----- Materials provided

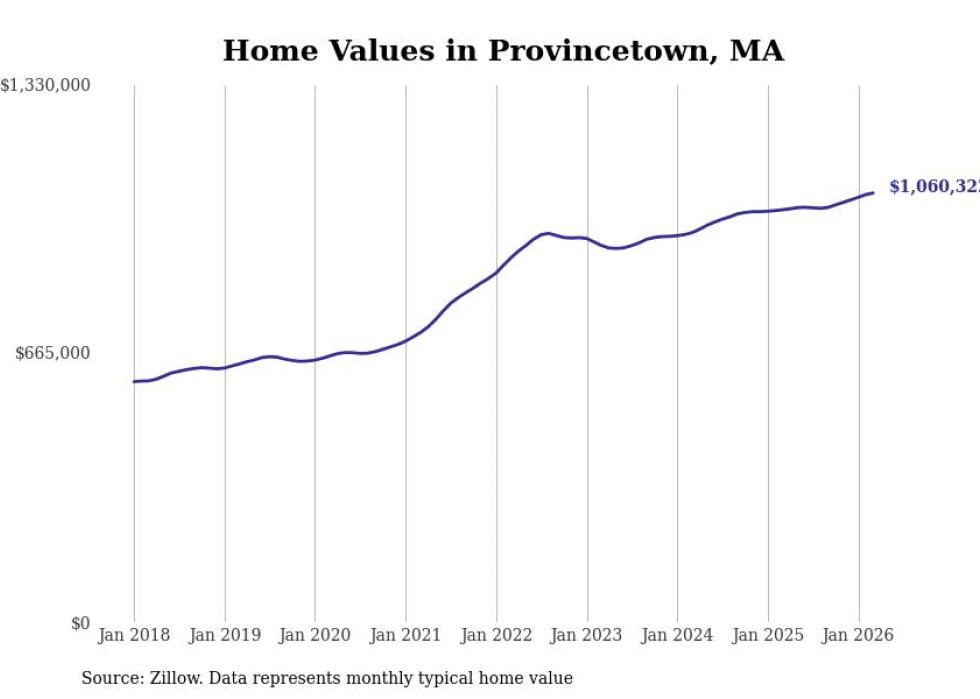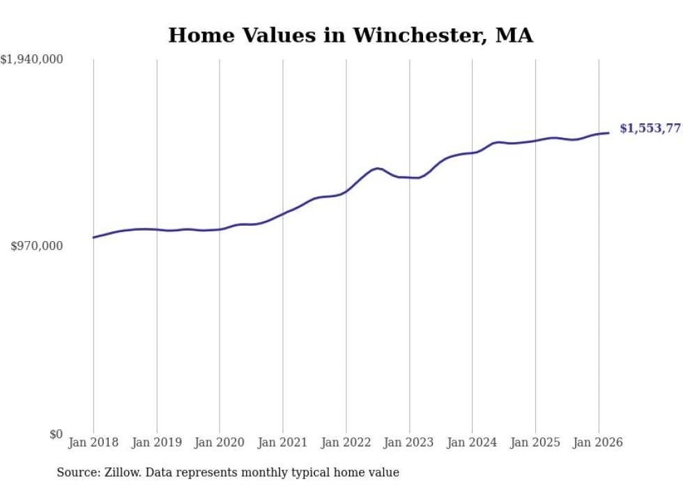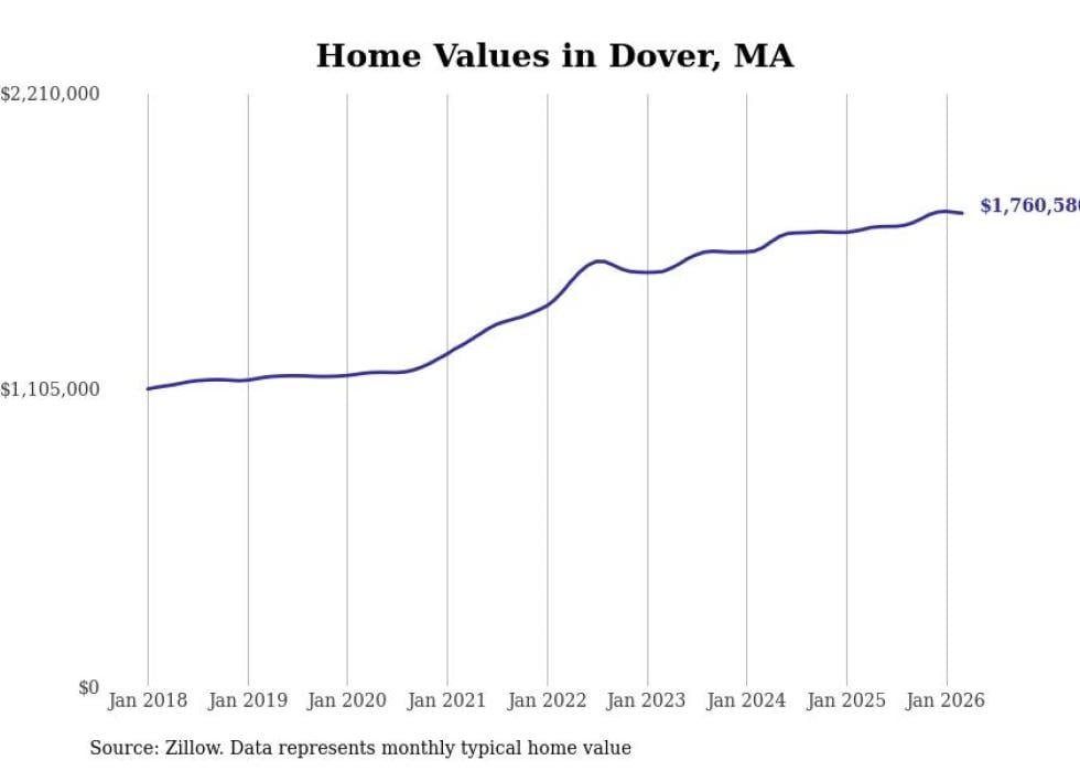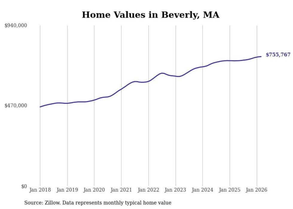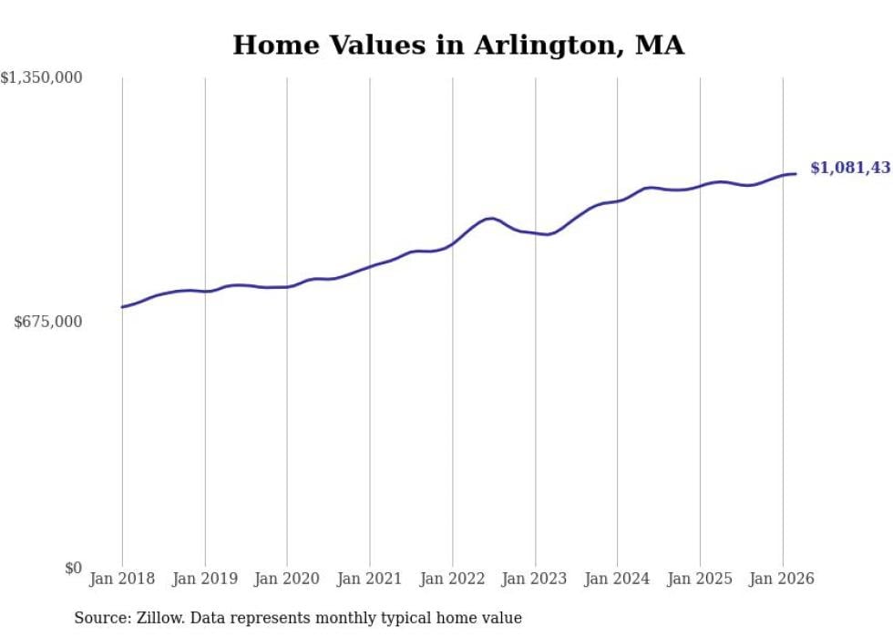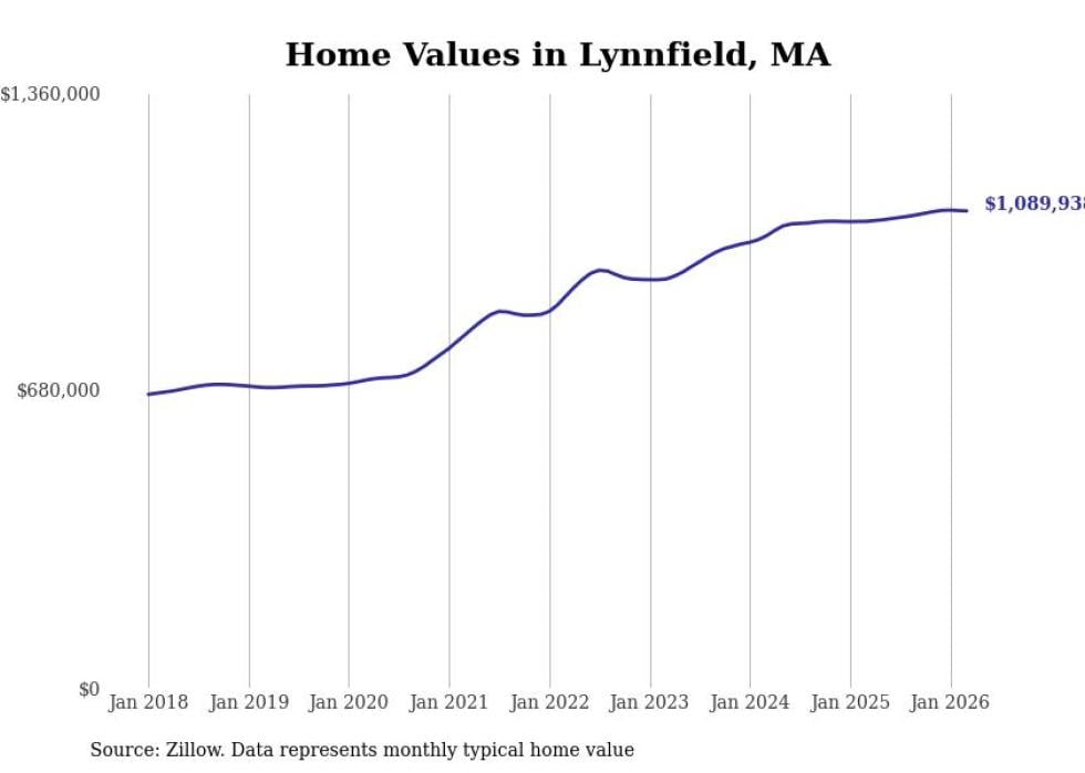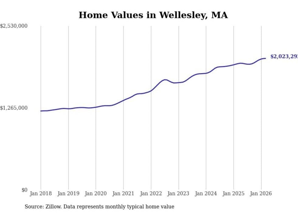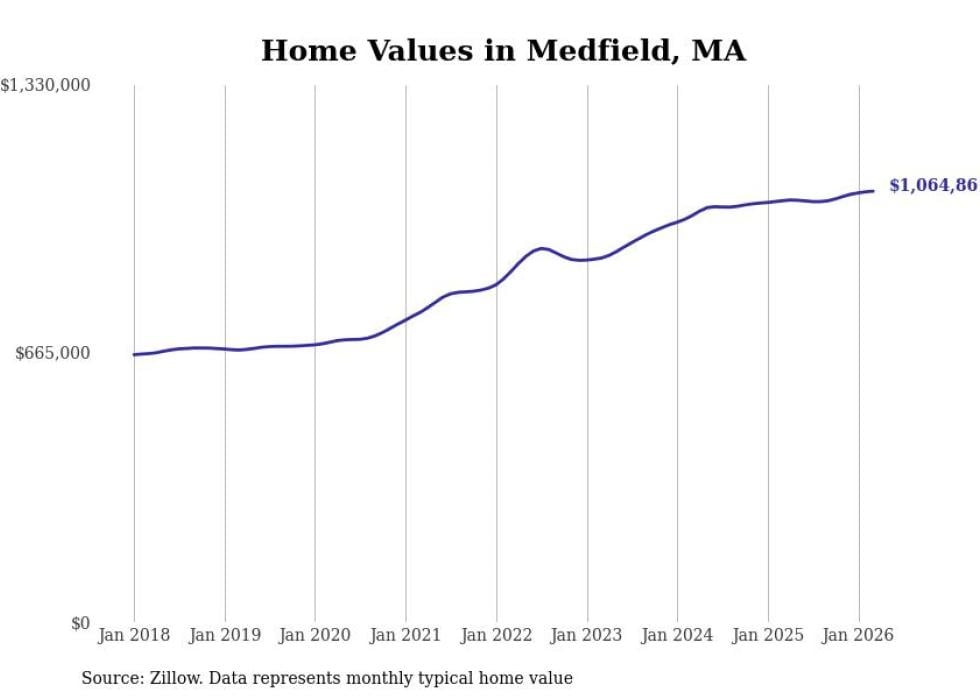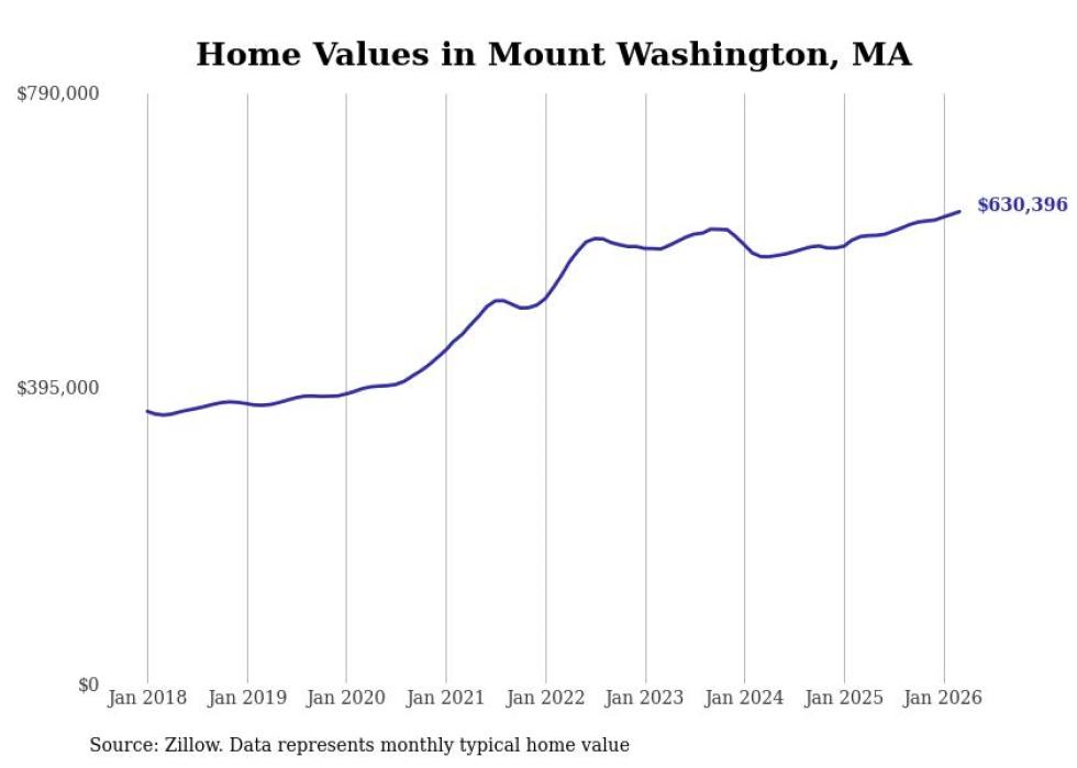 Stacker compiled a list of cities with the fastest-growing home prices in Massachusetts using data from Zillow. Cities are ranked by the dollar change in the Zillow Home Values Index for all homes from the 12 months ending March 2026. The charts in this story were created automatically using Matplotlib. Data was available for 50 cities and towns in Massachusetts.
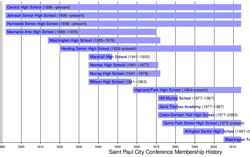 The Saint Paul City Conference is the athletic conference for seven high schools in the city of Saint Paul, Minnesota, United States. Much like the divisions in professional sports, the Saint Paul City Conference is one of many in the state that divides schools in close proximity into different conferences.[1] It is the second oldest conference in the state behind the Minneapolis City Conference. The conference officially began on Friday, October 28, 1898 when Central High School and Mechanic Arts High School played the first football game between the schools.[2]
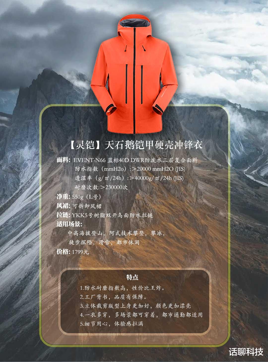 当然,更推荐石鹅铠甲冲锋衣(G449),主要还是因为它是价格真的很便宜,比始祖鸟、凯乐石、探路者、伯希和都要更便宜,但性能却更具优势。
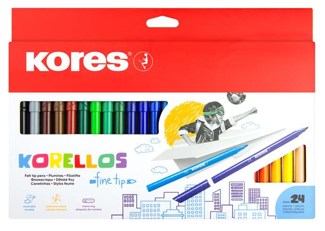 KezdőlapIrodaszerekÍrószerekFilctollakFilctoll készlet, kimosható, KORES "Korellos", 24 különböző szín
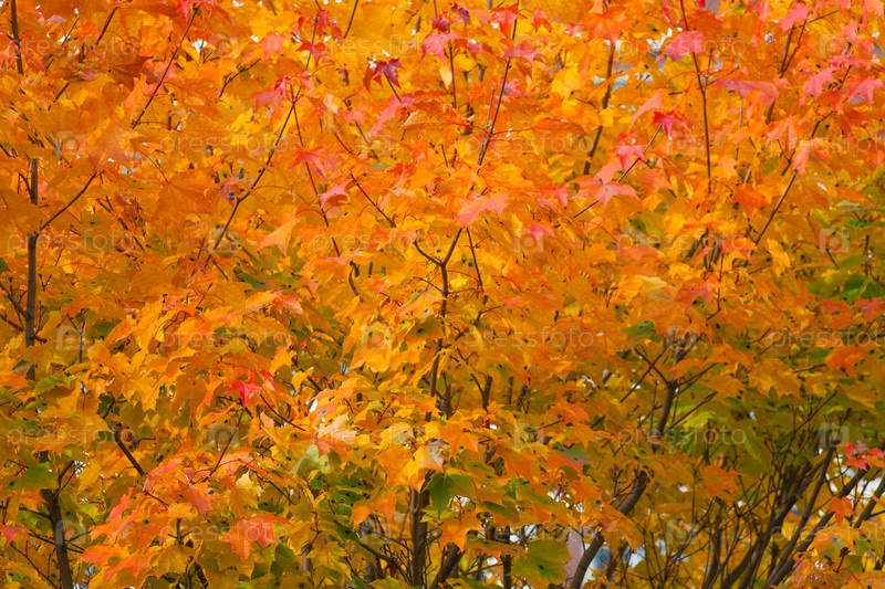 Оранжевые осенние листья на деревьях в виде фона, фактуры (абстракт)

----------

Exercise directions: All lines above between the line that contains "24 különböző szín" and the last line of the entries, both included, must be transcribed exactly. No pictures are to appear.

Completed exercise:
 KezdőlapIrodaszerekÍrószerekFilctollakFilctoll készlet, kimosható, KORES "Korellos", 24 különböző szín
 Оранжевые осенние листья на деревьях в виде фона, фактуры (абстракт)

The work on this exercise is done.